There is no pricing page. The only published figure, taken from a comparison table on the platform page, is from 10,000 USD per year. Anything more precise has to come from the vendor's sales team.
Is there a free trial?
A Start Free Trial button exists, but it opens the contact form rather than a product. There is no self-service trial and no permanent free plan is documented.
Is my data used to train AI models?
The site never addresses this. The terms only mention using aggregated and anonymised data to improve the service, and no opt-out mechanism is documented. Since queries can be routed to third-party model providers, this is worth raising with the vendor.
Who is behind QRY?
QRY is published by PUEDATA S.L., which trades under the IXEN brand and is based in Madrid, Spain. The legal identity does not appear on the QRY site itself, only in the publisher's legal notice.
How long does deployment take?
The published case studies quote implementation times of twenty-one, thirty and forty-five days depending on the environment, with the site claiming under thirty days on average.
Conclusion

Should you pick QRY?

QRY is a serious piece of enterprise engineering wrapped in a thin commercial shopfront. The product itself is coherent and unusually complete for its category: a conversational analyst that writes visible, editable SQL; federation over eight native databases and fifty more through Trino; Python execution to get past model memory limits; and a governance layer with row-level rules, PII masking, audit trails and budget caps that reads as though it were designed with a CISO in the room rather than added later. The ability to run open models locally for air-gapped deployment is a genuine differentiator for regulated buyers, and the public documentation and documented REST API suggest real technical maturity.

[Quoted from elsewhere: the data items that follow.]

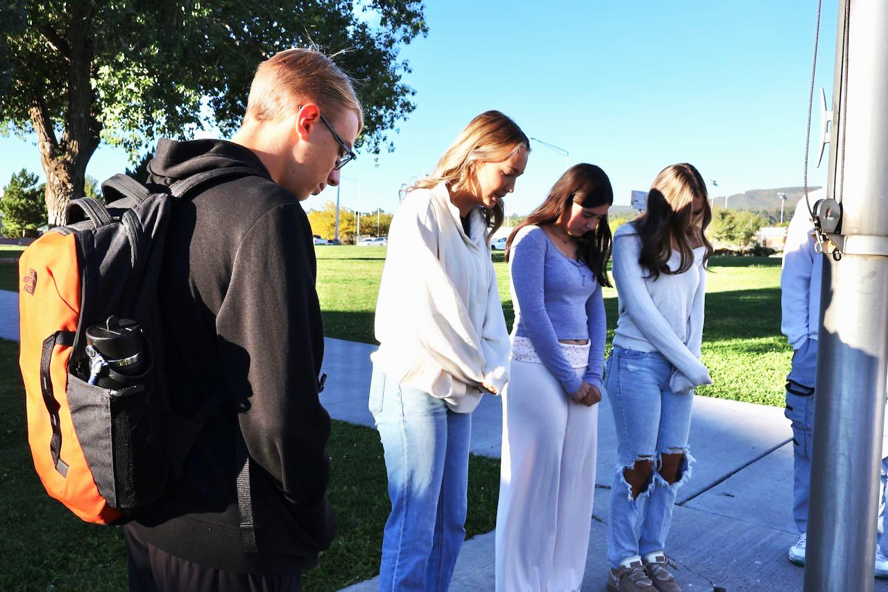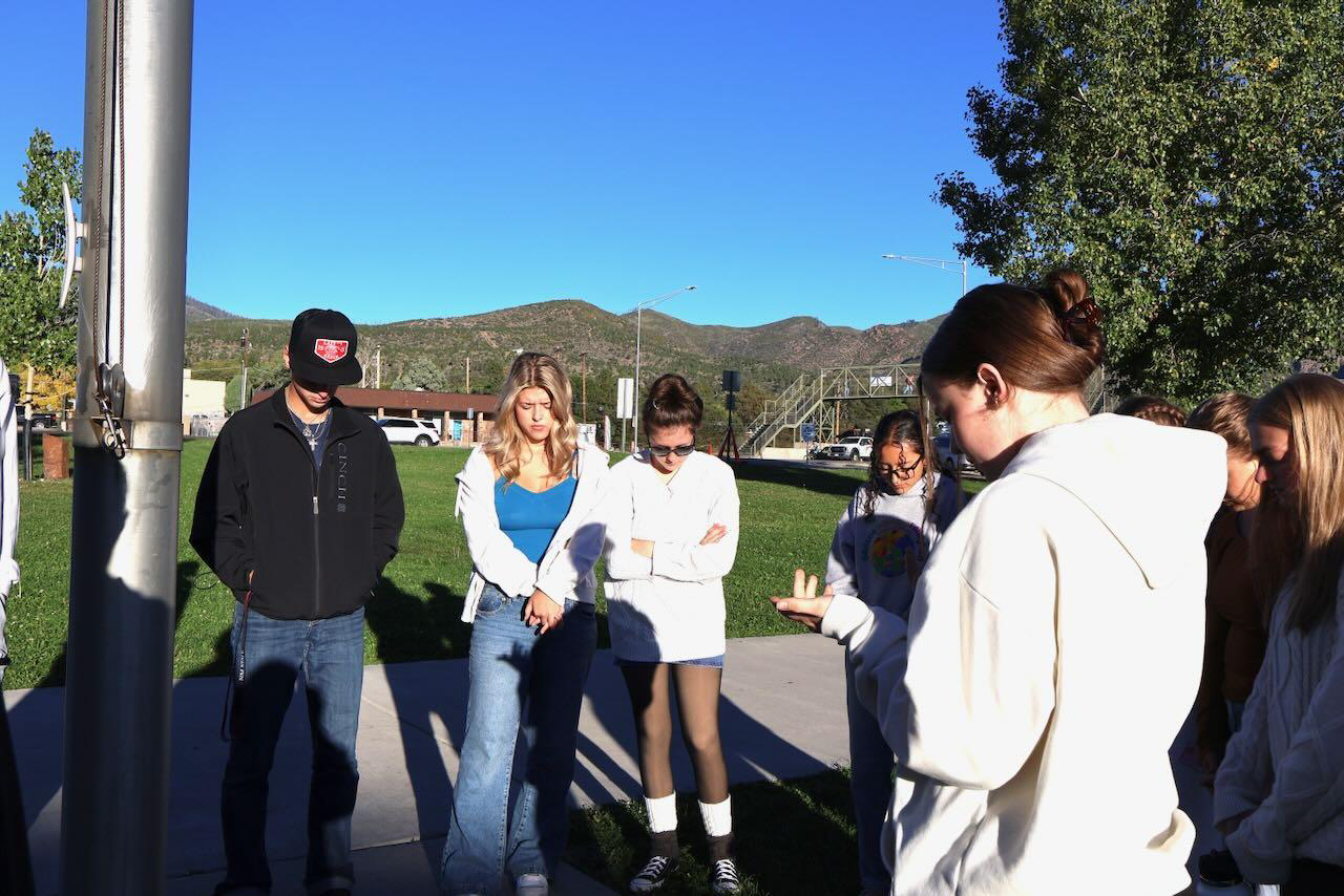 Los Alamos High School students gathered to pray around the flagpole before school this morning, Sept. 24, for the annual, nationwide, student-led See You at the Pole event. Students prayed for their school, town, and country, particularly for unification. Courtesy/Courtney Richardson
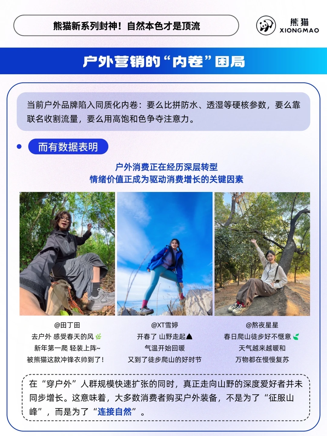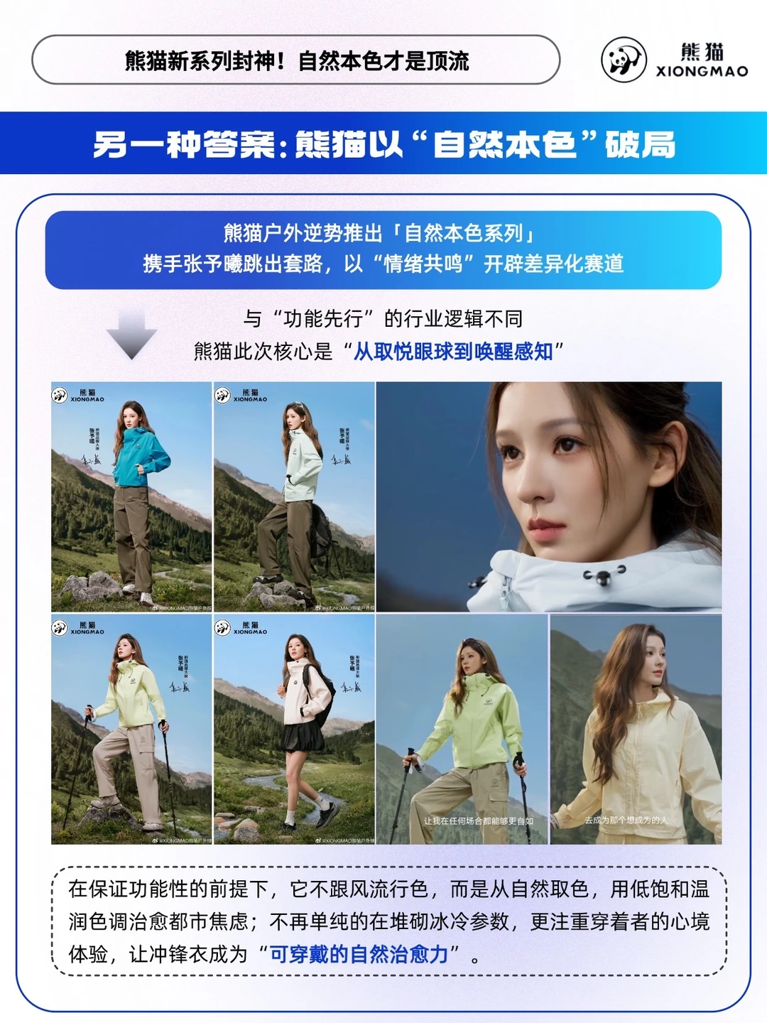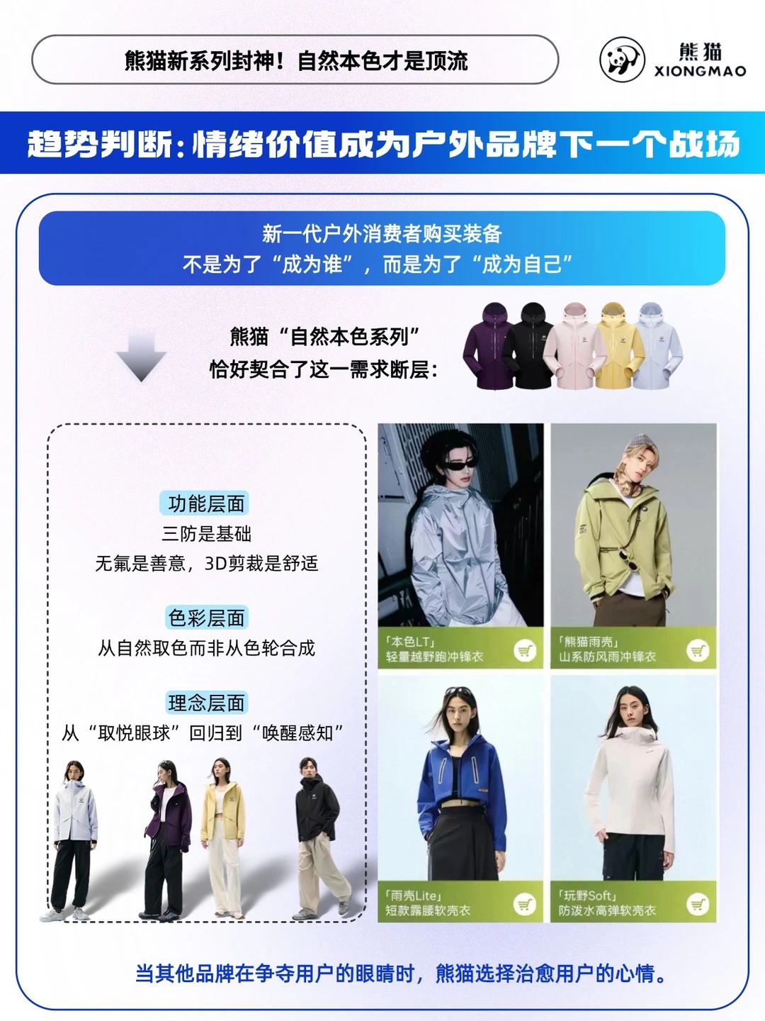 当户外品牌都在卷参数、卷联名、卷高饱和荧光色,熊猫却选择了一条截然不同的路——唤醒感知,回归本真。
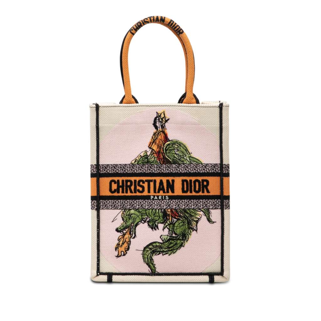 This tote bag features an embroidered canvas body, rolled handles, and an open top.
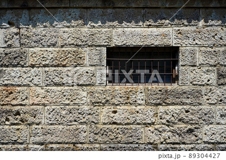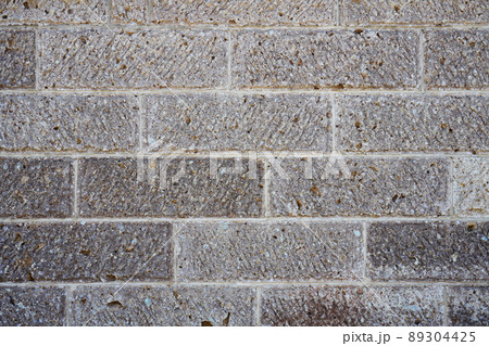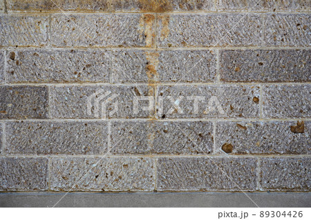 特徴的な表面仕上げが施された石のブロックを積み上げた壁
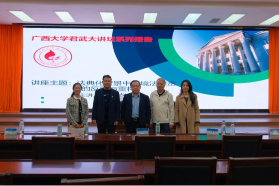 2024年12月7日下午,以“环境法律责任的反思与重构”为主题的专家讲座在广西大学君武馆玉林厅成功举办。本次讲座有幸邀请到武汉大学法学院教授陈海嵩主讲,我院副院长熊超副教授主持,张洪涛教授、刘旭博士、梁春艳博士以及法学院众多学子共同聆听了本场讲座。
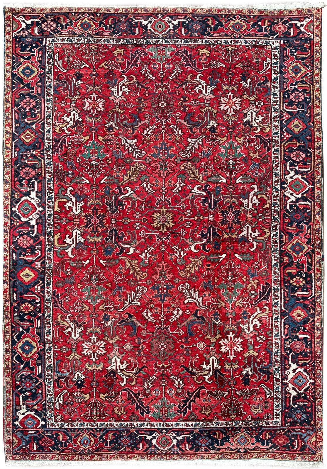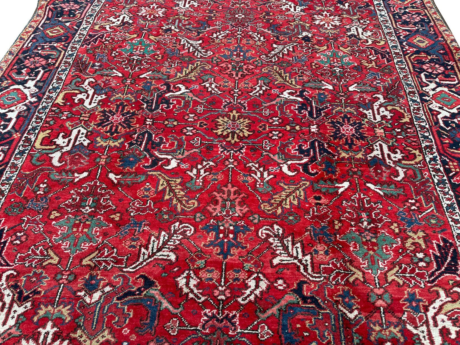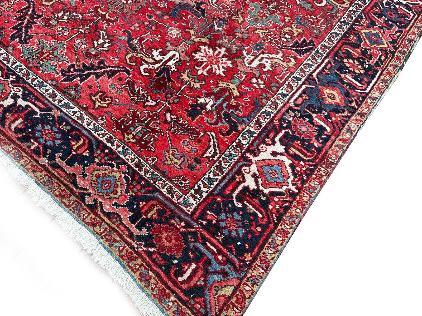" This is a magnificent, exceptionally high quality antique piece -geometric with soft red tones. This rug has been professionally cleaned. The cold climate helps nurture strong, quality sheep's wool. Because of this, Heriz Serapi rugs are often considered among the most durable antique rugs ever made."-DCR
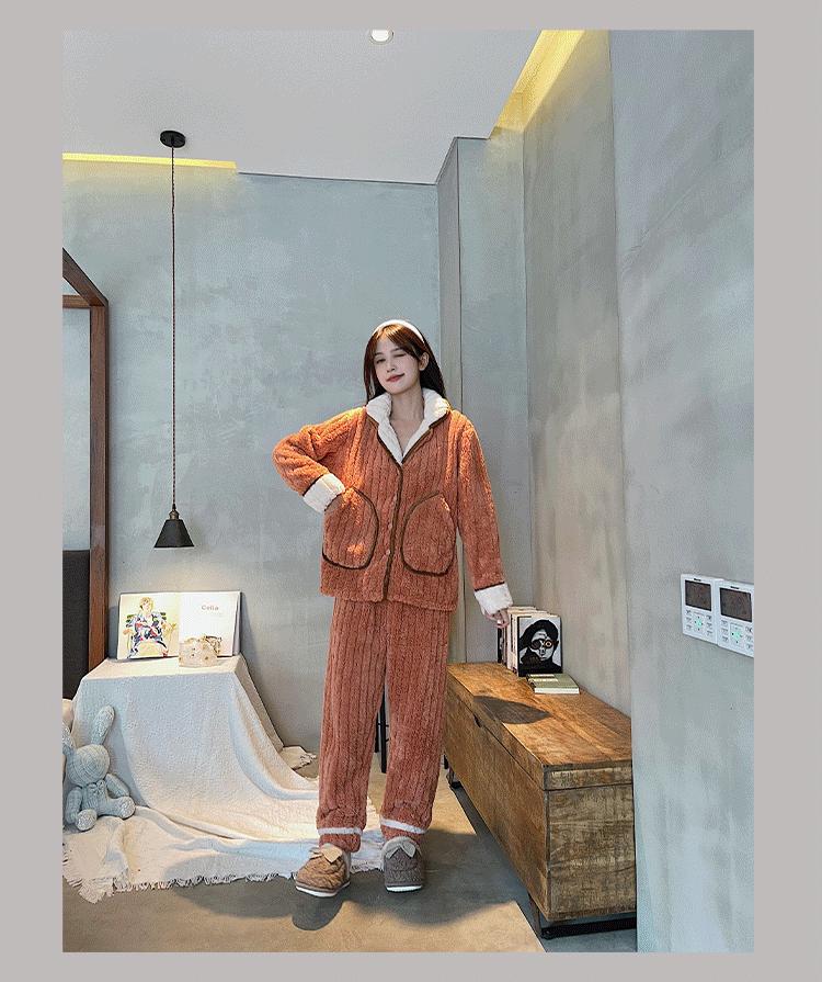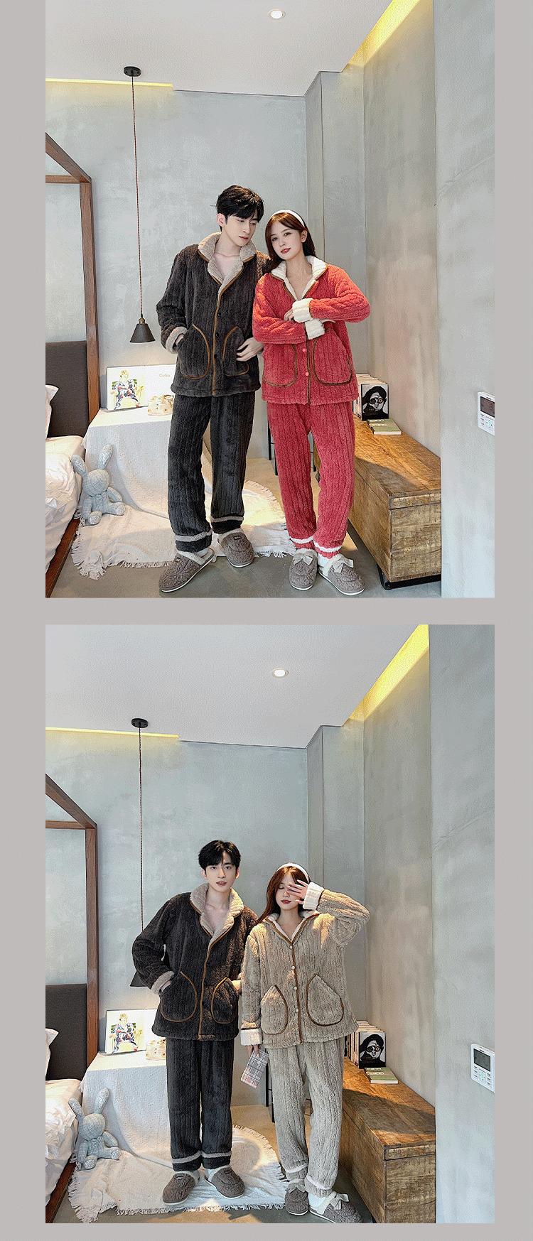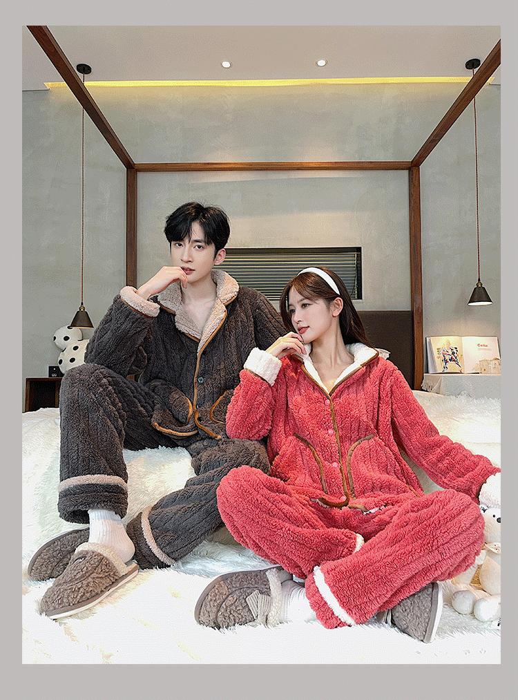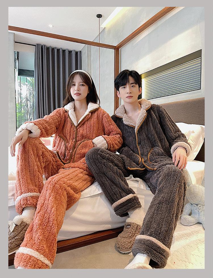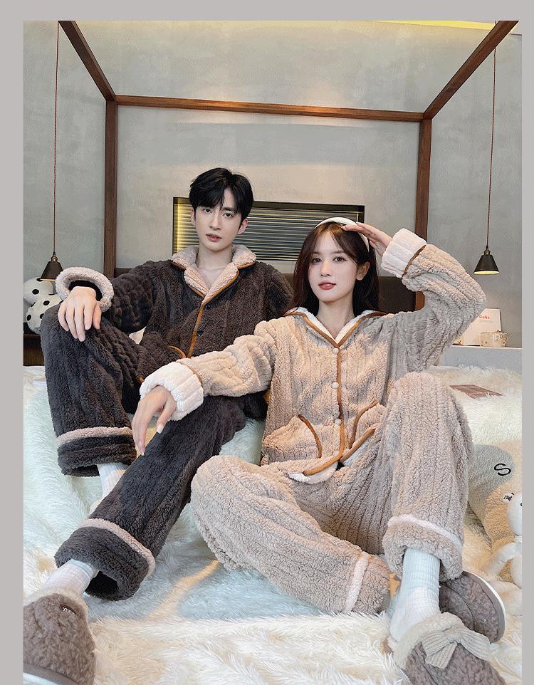 Pijamas de pareja para mujer, otoño e invierno, cómodos, de algodón y terciopelo, forrados con vellón grueso, tallas grandes, para hombre, traje cálido de invierno, ropa de casa
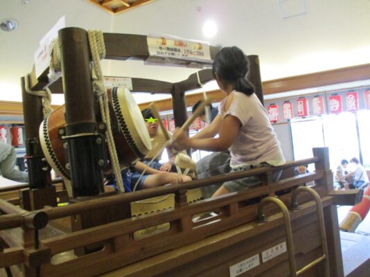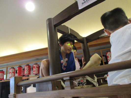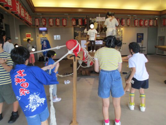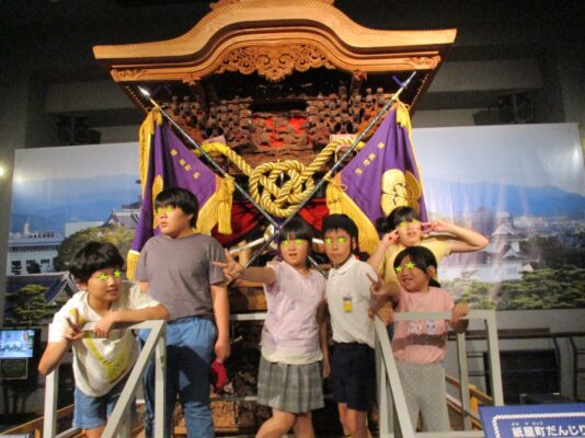 2階には大きな本物のだんじりが展示されていて、みんな大興奮😃
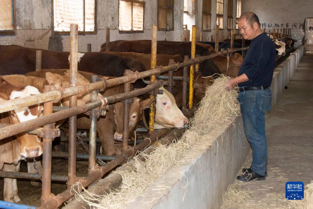 11月4日,湖南省湘潭市湘潭縣河口鎮華中村村民用回收的秸稈喂牛。
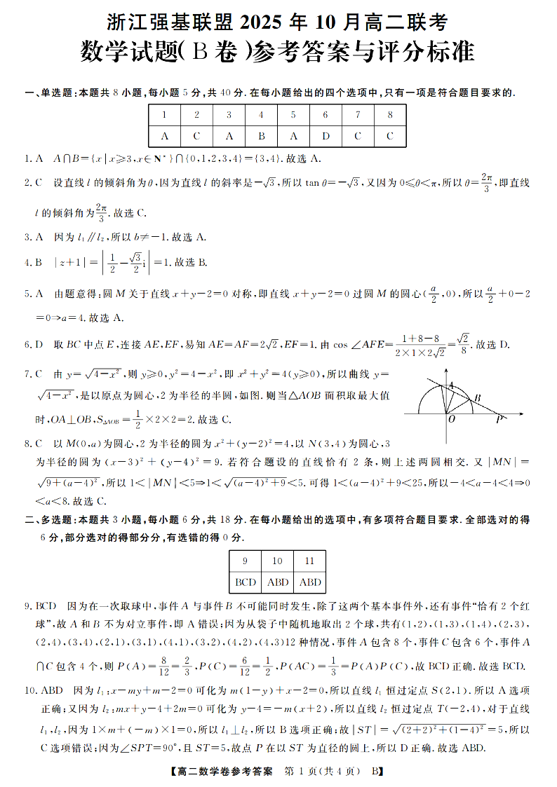 高二数学答案--浙江省强基联盟2025-2026学年高二上学期10月联考B卷
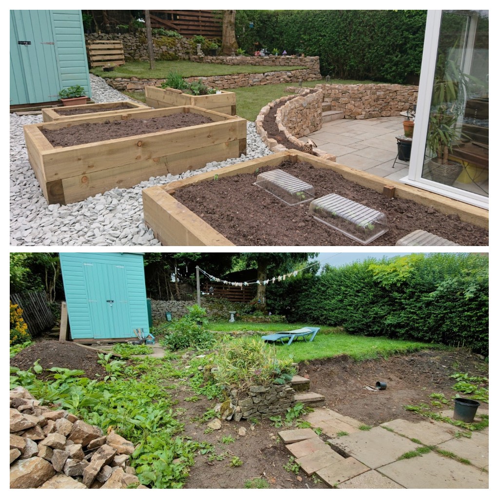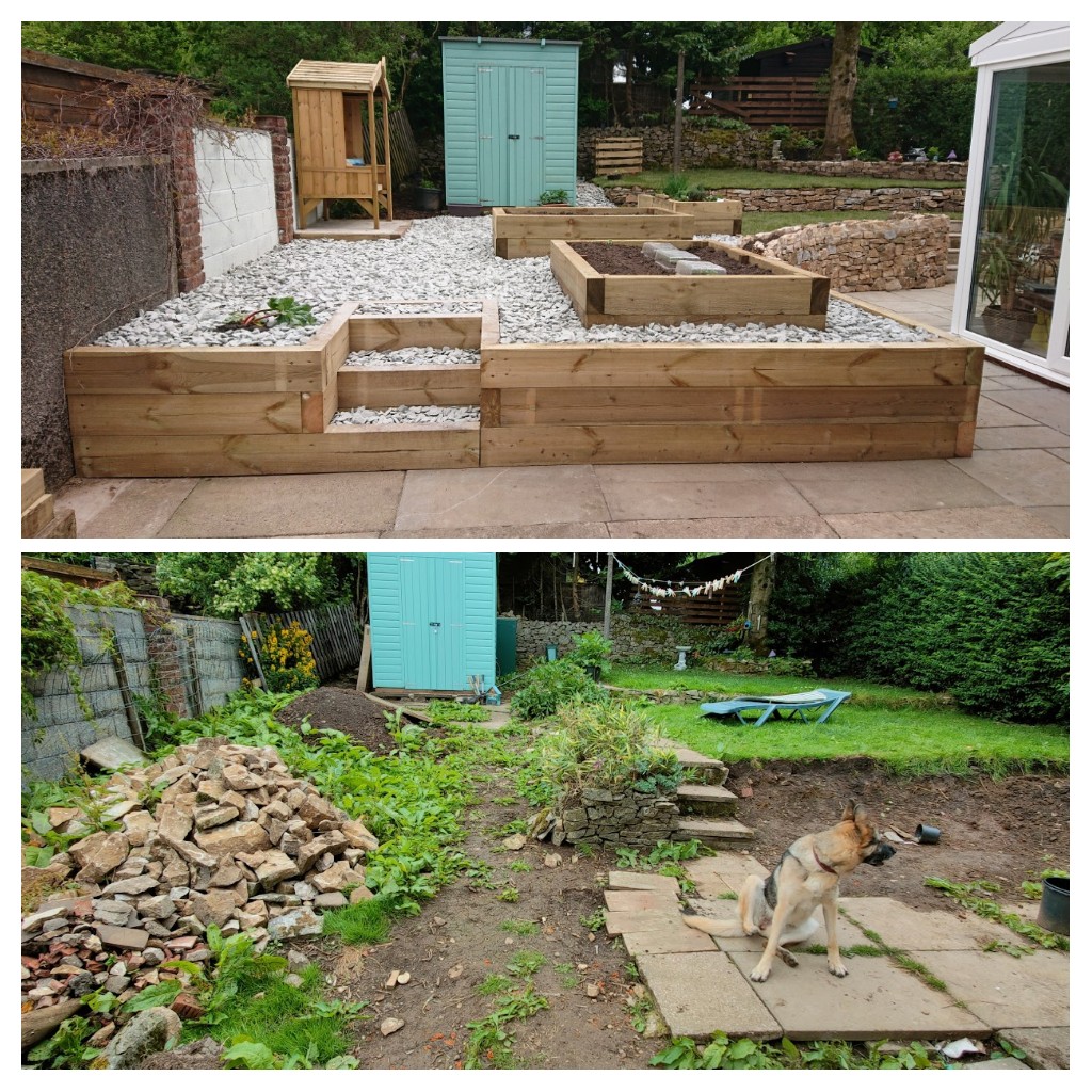 Ed and Daz did a fabulous job, knowing I had a budget to keep within and making some great suggestions for tne raised bed. It’s a joy to go out and garden. And I have a little corner that catches the evening sun to go and sit in.

The reservations are almost all commercial rather than technical. There is no pricing page; the single public figure is a line in a comparison table. Every call to action, including the ones promising a free trial or a live demo, opens the same contact form. The security posture is announced more confidently on some pages than the certification status supports, with SOC 2 Type II still in progress and ISO 27001 pending. No data processing agreement, no subprocessor list and no named hosting country are published, and the site is silent on whether customer data is ever used to train models. The headline performance and ROI numbers are striking but unsourced, and the case studies name no customer.

The result suits an IT or data organisation able to run a proper evaluation, ask the awkward questions and negotiate a contract. It is not a tool an individual or a small team can try on a whim. Buyers should also note that the legal entity behind the product, PUEDATA S.L. in Madrid, appears nowhere on the QRY site, and that the terms invoke Delaware law despite the publisher being Spanish.